■ WORK REQUEST
Word-for-word transcription needed. Include every entry below but no pictures.

(Items listed in a dataset)
****
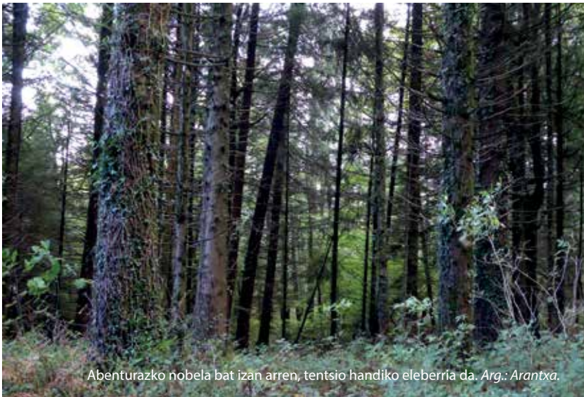
Abenturazko nobela bat izan arren, tentsio handiko eleberria da.

Oraingoz Amazonen dago eskuragarri formatu digitalean nahiz fisikoan. Egoerak uzten digunean tertulia interesgarriren bat antolatzea gustatuko litzaidake, bertan liburuak aurkezteko eta liburuak herritarrei modu zuzenagoan eskaini ahal izateko.
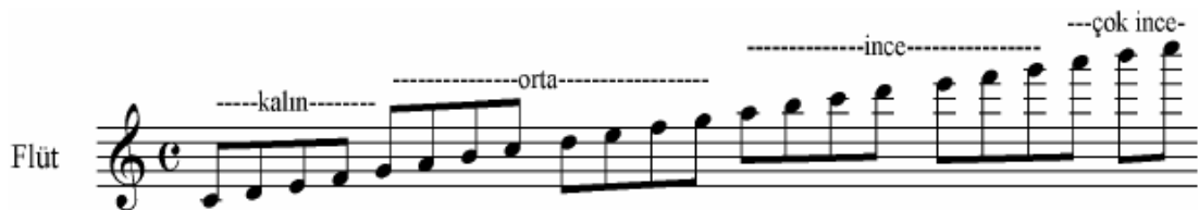
Şekil 3 Flüt Ses Genişliği ( Korsakov )
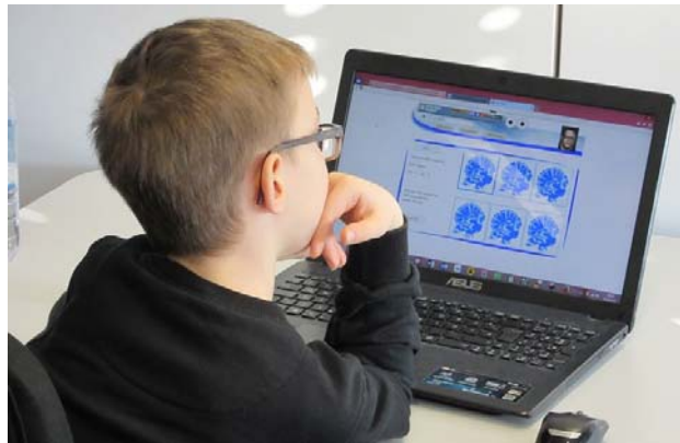
Als Lesehilfe wird der Computer eingesetzt.

„Mr. Dresden“®: Wie würden Sie das Wort Legasthenie definieren?
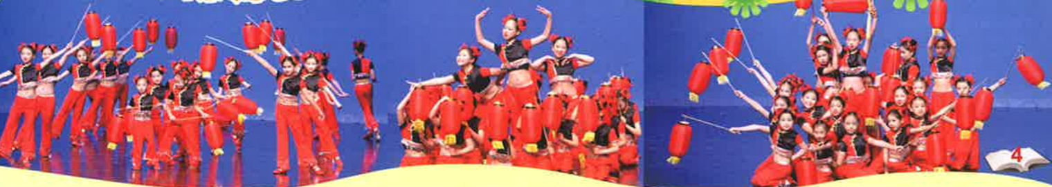
舞姿翩翩，每個舞步都表現組員的默契！
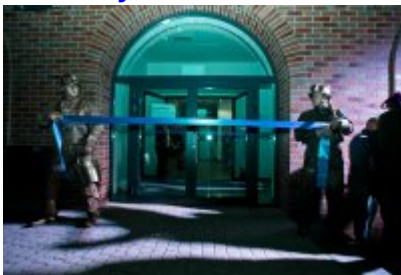
• Otwarcie Centrum Usług Społecznościowych i Aktywności Lokalnej
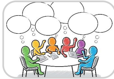
Workshops & Fortbildungen
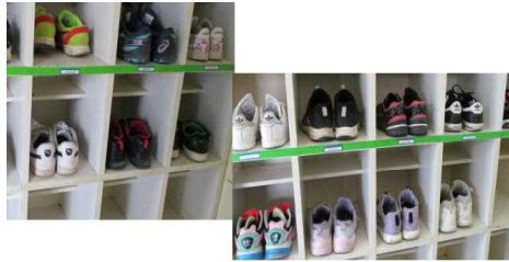
5年1組 くつばこ美術館賞 きれいにくつが並んでいます。気持ちがいいね！！ 達成おめでとう がんばったね 校長先生より
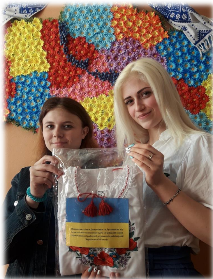
Фото 1. Благодійна акція «Вишиванка дітям АТО»
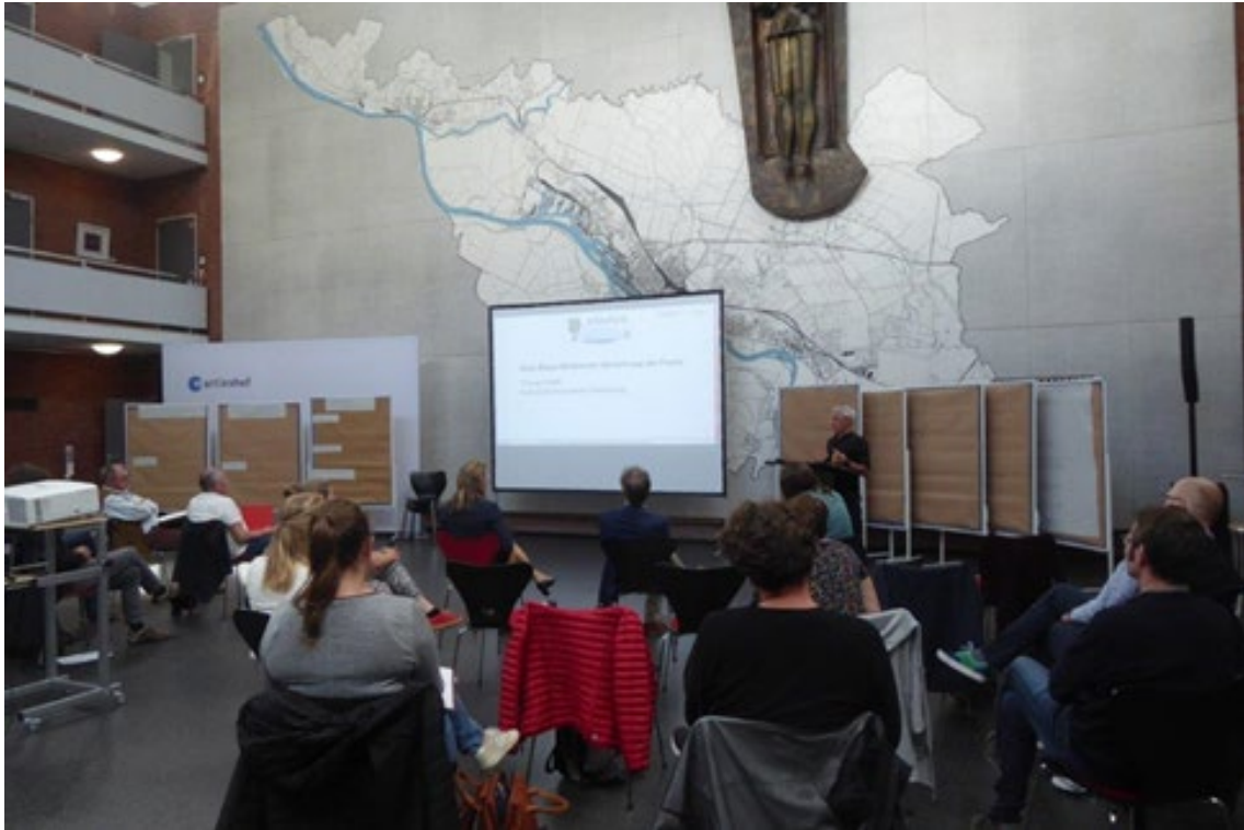
Abb. 1: Teilnehmende des Kooperationsforums klimaangepasste Parkgewässer am 13.06.2022.
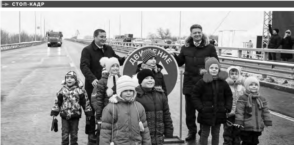
Новый автомобильный мост позволит разгрузить магистрали Волгограда, убрав с них машины, движущиеся со стороны Волжского и Казахстана. Транспортный коридор открывает выход на федеральные трассы московского, ростовского и сызранского направлений. Общая стоимость объекта – более 14 миллиардов рублей.

НА БАЗЕ региональной Адвокатской палаты создан специальный центр, где любой житель Астрахани или области может задать вопрос специалисту и получить бесплатную юридическую помощь. Чаще всего сюда обращаются по вопросам ЖКХ и материнского капитала. Центр находится на улице Свердлова, 56, и будет работать еженедельно по вторникам и средам с 10 до 17 часов (перерыв с 13 до 14 часов).
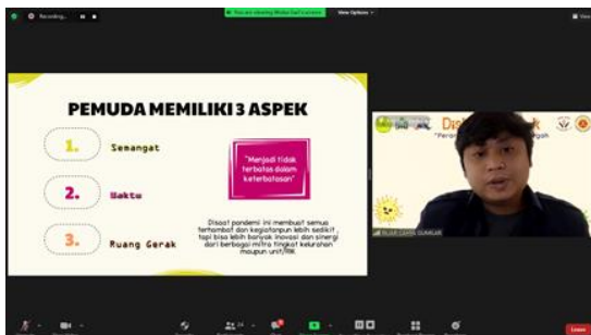
Gambar 2. Pemaparan Materi oleh Ketua Karang Taruna Kelurahan Petogogan
****
■ SOLUTION TO THIS EXERCISE
Abenturazko nobela bat izan arren, tentsio handiko eleberria da.

Oraingoz Amazonen dago eskuragarri formatu digitalean nahiz fisikoan. Egoerak uzten digunean tertulia interesgarriren bat antolatzea gustatuko litzaidake, bertan liburuak aurkezteko eta liburuak herritarrei modu zuzenagoan eskaini ahal izateko.
Şekil 3 Flüt Ses Genişliği ( Korsakov )
Als Lesehilfe wird der Computer eingesetzt.

„Mr. Dresden“®: Wie würden Sie das Wort Legasthenie definieren?
舞姿翩翩，每個舞步都表現組員的默契！
• Otwarcie Centrum Usług Społecznościowych i Aktywności Lokalnej
Workshops & Fortbildungen
5年1組 くつばこ美術館賞 きれいにくつが並んでいます。気持ちがいいね！！ 達成おめでとう がんばったね 校長先生より
Фото 1. Благодійна акція «Вишиванка дітям АТО»
Abb. 1: Teilnehmende des Kooperationsforums klimaangepasste Parkgewässer am 13.06.2022.
Новый автомобильный мост позволит разгрузить магистрали Волгограда, убрав с них машины, движущиеся со стороны Волжского и Казахстана. Транспортный коридор открывает выход на федеральные трассы московского, ростовского и сызранского направлений. Общая стоимость объекта – более 14 миллиардов рублей.

НА БАЗЕ региональной Адвокатской палаты создан специальный центр, где любой житель Астрахани или области может задать вопрос специалисту и получить бесплатную юридическую помощь. Чаще всего сюда обращаются по вопросам ЖКХ и материнского капитала. Центр находится на улице Свердлова, 56, и будет работать еженедельно по вторникам и средам с 10 до 17 часов (перерыв с 13 до 14 часов).
Gambar 2. Pemaparan Materi oleh Ketua Karang Taruna Kelurahan Petogogan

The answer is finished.